[Date Prev][Date Next][Thread Prev][Thread Next][Date Index][Thread Index]
Re: [Qemu-devel] Block Filters
From: |
Fam Zheng |
Subject: |
Re: [Qemu-devel] Block Filters |
Date: |
Fri, 6 Sep 2013 15:56:06 +0800 |
User-agent: |
Mutt/1.5.21 (2010-09-15) |
On Tue, 09/03 18:24, Benoît Canet wrote:
>
> Hello list,
>
> I am thinking about QEMU block filters lately.
>
> I am not a block.c/blockdev.c expert so tell me what you think of the
> following.
>
> The use cases I see would be:
>
> -$user want to have some real cryptography on top of qcow2/qed or another
> format.
> snapshots and other block features should continue to work
>
> -$user want to use a raid like feature like QUORUM in QEMU.

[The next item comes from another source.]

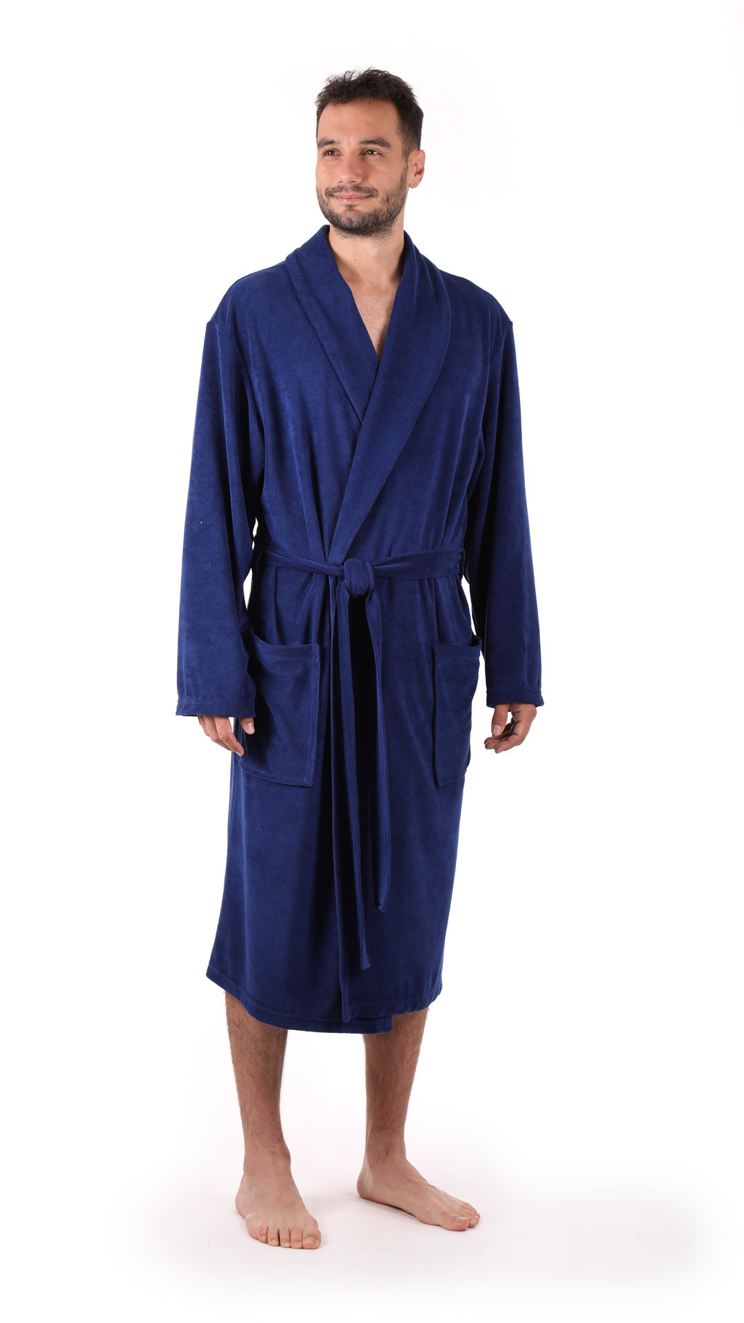 Lehký pánský bavlněný froté župan pro nerušené chvíle odpočinku. Materiál: lehký froté úplet ve složení 80 % bavlna, 20 % polyester Střih: klasický střih se šálovým límcem v délce 115cm Použití: jako lehký župan nejen na cestování vhodný o pro osušení Vyrábíme ve velikostech 3-6XL Česká výroba s tradicí již od roku 1995. Potřebujete jinou než standardní velikost? Napište nám, ušijeme na míru podle potřeby vaší postavy. Pánský župan Bari vyniká svou lehkostí a nadčasovým střihem. Je ušitý z jemného, tenkého bavlněného froté, které je příjemné k pokožce a spolehlivě saje vlhkost. Díky tomu se hodí nejen po koupeli, ale i pro letní dny, kdy oceníte jeho vzdušnost. Župan má klasický šálový límec, dvě prostorné kapsy a pásek v pase. Elegantní design spojuje praktičnost a pohodlí, takže se stane vaším spolehlivým společníkem doma, u bazénu nebo na dovolené.Jeho lehký, měkký a zároveň savý materiál s vysokým podílem bavlny je ideální pro postavy s větší velikostí. Nebude vám v něm zbytečné teplo, nepřidává objem díky slabému splývavému materiálu, je pružný a přizpůsobí se vašim potřebám.Bari pánské: tmavě modráStřih: šálový límecMateriál: 80% bavlna 20% polyester froté úpletÚčel použití: volný čas/lehkéVhodné pro výšivku: vhodné pro všechny typy výšivek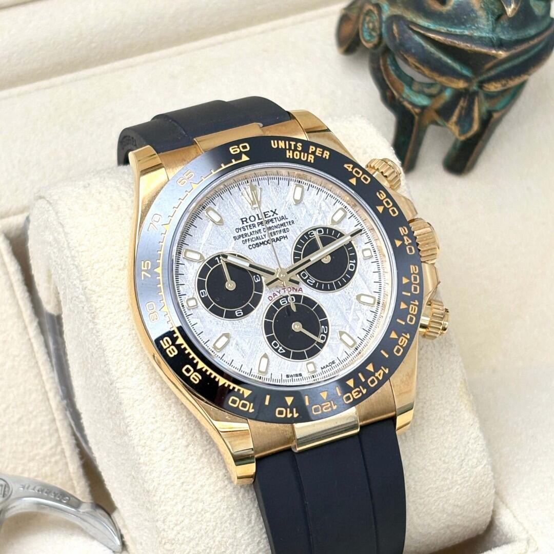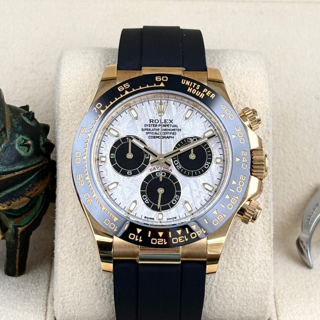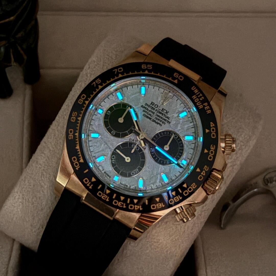 ロレックスデイトナ116515LNメテオライトは、18ctエバーローズゴールドのオイスターパーペチュアルコスモグラフデイトナは、メテオライト&ブラックダイアルとオイスターフレックスブレスレットを備え、ブラック セラクロムタキメーターベゼルが特徴的でロレックスのCTエバーローズゴールドは、独自の特許を取得し、ピンクゴールドの時計の美しさを長く維持するため、独自の18ctピンクゴールド合金を自社開発し、特許を取得した。

> other features should continue to work
>
> -$user want to use the future SSD deduplication implementation with metadata
> on
> SSD and data on spinning disks.
> other features should continue to work
>
> -$user want to I/O throttle one drive of his vm.
>
> -$user want to do Copy On Read
>
> -$user want to do a combination of the above
>
> -$developer want to make the minimum of required steps to keep changes small
>
> -$developer want to keep user interface changes for later
>
> Lets take a example case of an user wanting to do I/O throttled encrypted
> QUORUM
> on top of QCOW2.
>
> Assuming we want to implement throttle and encryption as something remotely
> being like a block filter this makes a pretty complex BlockDriverState tree.
>
> The tree would look like the following:
>
> I/O throttling BlockDriverState (bs)
> |
> |
> |
> |
> Encryption BlockDriverState (bs)
> |
> |
> |
> |
> Quorum BlockDriverState (bs)
> / | \
> / | \
> / | \
> / | \
> QCOW2 bs QCOW2 b s QCOW2 bs
> | | |
> | | |
> | | |
> | | |
> RAW bs RAW bs RAW bs
>
> An external snapshot should result in a tree like the following.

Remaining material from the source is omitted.